| Exercise requirements |
Restate word for word each line from the one containing "Кольцо из комбинированного" through the end of the material, and nothing more. Drop every picture.

| Collected data |

+ + +

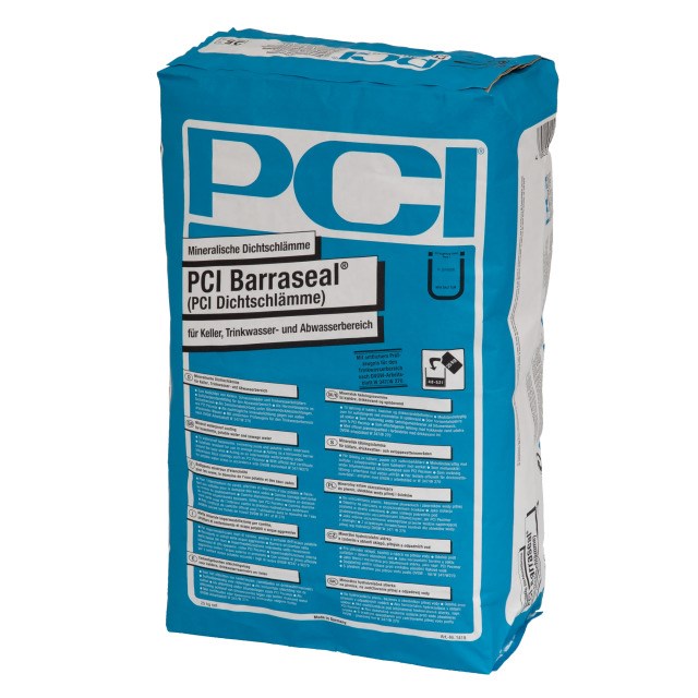 Mineralische Dichtungsschlämme für den Innen- und Aussenbereich, an Wand, Boden und Decke, als Behälterabdichtung z. B. Trinkwasserbehälter/ Reservoirs bis 10 m Füllhöhe, zum Abdichten von Kellern, Feuchträumen und Stützmauern, Kanälen und Gerinnen von Abwasserbauwerken, Mindestschichtdicke 2 mm (ca. 3,3 kg Trockenmischung) bei Zwischenabdichtung und als Innenabdichtung von Salz-und feuchtebelastetem Mauerwerk, Mindestschichtdicke 3,5 mm (ca. 5,8 kg Trockenmischung) für Wasserbehälter mit Füllhöhe ≤ 10 m, Verarbeitbarkeitsdauer ca. 60 Minuten, begeh- und überarbeitbar nach ca. 2 Tagen, mit Wasser belastbar nach ca. 3 Tagen
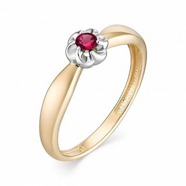 Кольцо из комбинированного золота с рубином (039542)
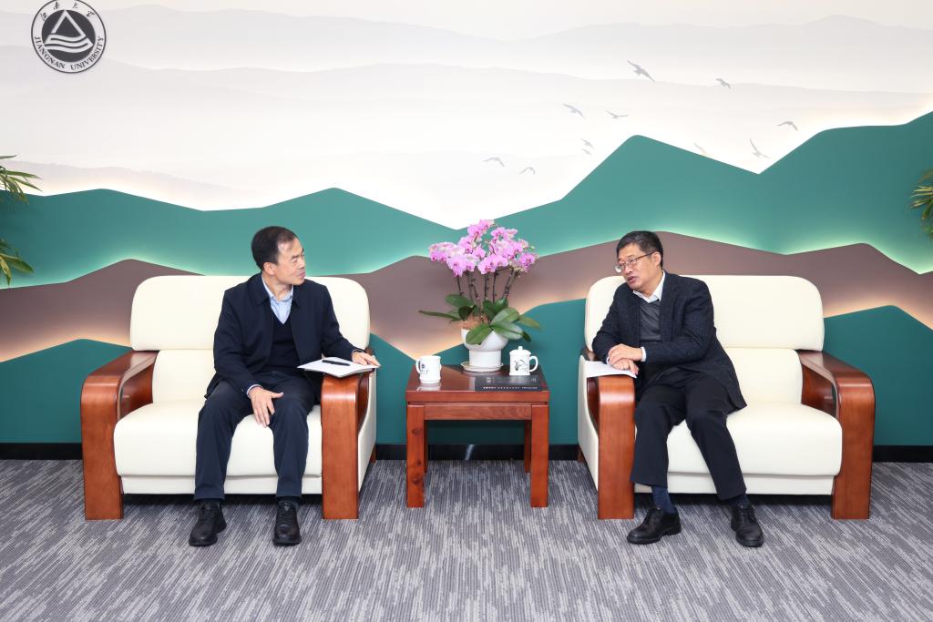 会前,顾元亮一行拜访了校长陈卫,并介绍了贵州省委、省政府与中国工程院签署战略合作协议,争取有影响力的院士牵头推动贵州产业发展的情况,希望江南大学在生态食品领域支持帮扶安顺市产业发展。陈卫与顾元亮围绕安顺市医药及旅游食品产业高质量发展深入交流。

+ + +

| Final answer |
 Кольцо из комбинированного золота с рубином (039542)
 会前,顾元亮一行拜访了校长陈卫,并介绍了贵州省委、省政府与中国工程院签署战略合作协议,争取有影响力的院士牵头推动贵州产业发展的情况,希望江南大学在生态食品领域支持帮扶安顺市产业发展。陈卫与顾元亮围绕安顺市医药及旅游食品产业高质量发展深入交流。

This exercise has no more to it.